It was at this point that Khumeyni developed the theory of government he called velayat i-faqih , which we can now translate as "rule by fiqh ." If the Shah's government was illegitimate and the Constitution of Iran, built on Western principles at the beginning of the century, was opposed to Islam, what would a legitimate Islamic government look like? Khumeyni theorized that the activity of fiqh , using learned clerics to decide judicial issues, should be the model for the executive branch of government. That is, a group of the most learned clerics, should use their study and knowledge of the Qur'an , the Sunnah, and the Hadith, to make executive decisions and to veto or pass laws. Ideally, an Islamic republic, which is what Khumeyni called this new type of state, would have laws written by a Parliament elected in multi-party elections around the country. This Parliament would be made up of people from all walks of life, would be managed by a Prime Minister representing the majority party, and would be responsible for passing laws and budgets. There is an executive branch represented by a President, and the first president of Iran after the Revolution was a non-cleric and socialist, Abolhassan Bani-Sadr. But exercising power over the Parliament and the President would be a Guardian Council, made up of the most learned and intelligent clerics. This Guardian Council would use the judicial principles of fiqh to determine whether laws accord with Islam or are non-Islamic, whether certain measures (such as land reform) are properly Islamic or not. In addition, all secular courts would be replaced by fiqh courts and these fiqh courts, typically independent and decentralized, would all be organized under a Supreme Court, which would, like the courts, be a fiqh court. This judiciary, too, would be ultimatey subject to the Guardian Council. In post-Revolutionary Iran, the Guardian Council was headed by Khumeyni himself until his death.
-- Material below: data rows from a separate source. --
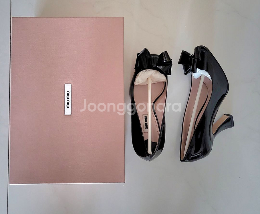 사이즈 IT 38 힐높이 8.5cm 페이턴트 가죽 peep toe 1회 착용 상태 좋아요! 롯데본점 구매했어요 페이턴트 가죽에 입체적인 bow, curved heel 이 귀여운 미우미우의 핍토 펌프스입니다 올해 트렌드인 핍토 슈즈이면서 유행 타지 않는 미우미우 클래식입니다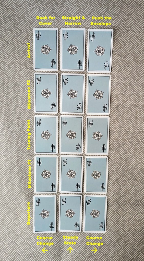 Departures from the steady-state advancement shown by the middle column are indicated by the “facing” of the human figures or other “pointers” on the cards. When they are left-facing, the action will resume with the next card above in the left-hand column, while if facing right, the next ascending card in the right-hand column will be activated. If they are facing straight out of or into the scene, or if there are no directional indicators on the card, the upward path will stay on its present course. The flow of events and circumstances will also move straight up if a card is adjacent to the outside edge of the layout with no card in the “facing” direction. (Reversal will reorient the focus accordingly.)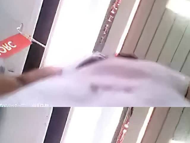 Sexy girl in a tight short skirt walks around and spy camer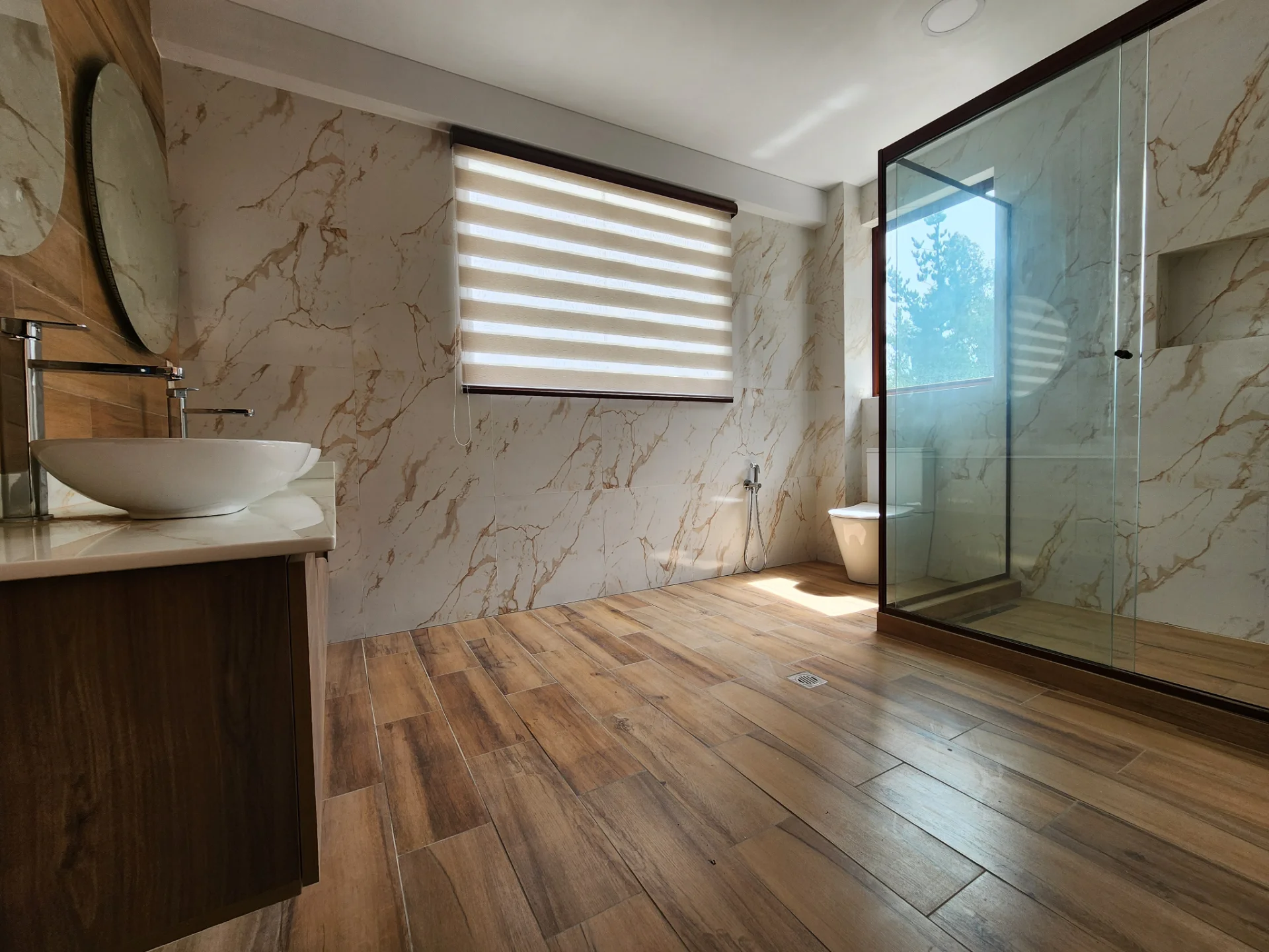 Exclusiva vivienda construida con materiales de primera calidad, pisos de madera entablonada en toda la casa y detalles que marcan la diferencia. Amplios ventanales que aportan excelente iluminación natural y una arquitectura moderna pensada para el confort y la funcionalidad.

In practice, velayat i-faqih has only been partially implemented and has met with a great deal of opposition from Shi'ite clerics. For the principle is absolutely new in Islamic history; it has no precedent in the Qur'an , the Sunnah, the Hadith, or the whole of Islamic history. Properly speaking, it is one of the most revolutionary ideas of the twentieth-century; so labelling the concept "Islamic fundamentalism" is somewhat misleading, for it covers up the lack of precedence for most of the political innovations of the Iranian Revolution.
The concept has met several practical details. One issue involves efficiency. At a certain level, government is about solving problems: inequity, disputes, famine, and so forth. Velayat i-faqih puts on top of this problem-solving function the necessity that the solutions also be properly "Islamic," so that a great deal of energy is spent in all branches of government in justifying government programs and laws in the Qur'an , the Sunnah, and Islamic tradition. For instance, one of the principle disputes in early post-Revolutionary Iran revolved around economic inequities. Under the Shah of Iran, the gap between the poor and the rich had become unbearably wide; some post-Revolutionary reformers wanted to literally take land away and put it under common use. They were opposed by groups who believed in the Islamic sanctity of private property. Both sides spent years arguing which solution was more properly Islamic and very little was done about the endemic poverty in Iran. Many critics argue that this has rendered the government inefficient and distracted.
On the other hand, some Shi'ite clerics believe that political power will distract learned clergy from their real purpose, the study and reasoning over Islamic traditions, and that promotion into the higher ranks of clergy will be based on political and bureaucratic service rather than religious dedication, intellectual achievement, and Islamic knowledge. In other words, that the learned clergy will become less religious and less Islamic. So the practical problem Islamic republicanism faces, then, has two opposite poles: subjecting practical problems to so much religious dispute that solving the practical problem becomes secondary and, on the other hand, the danger of the higher clergy becoming too secularized and less grounded in the knowledge and virtue that merits their status as clergy in the first place. However this practical problem works itself out, the idea has caught fire throughout the Islamic world and has caused revolutionary fires to break out all around the Middle East and North Africa. We may be at a crossroads in Islamic history in which Islamic government undergoes a change as profound and world-shaking as the political changes which occurred in the European Enlightenment, and Khumeyni would achieve the same status as a Rousseau or a Jefferson. Or velayat i-faqih may fold under the weight its many contradictions and dilemmas.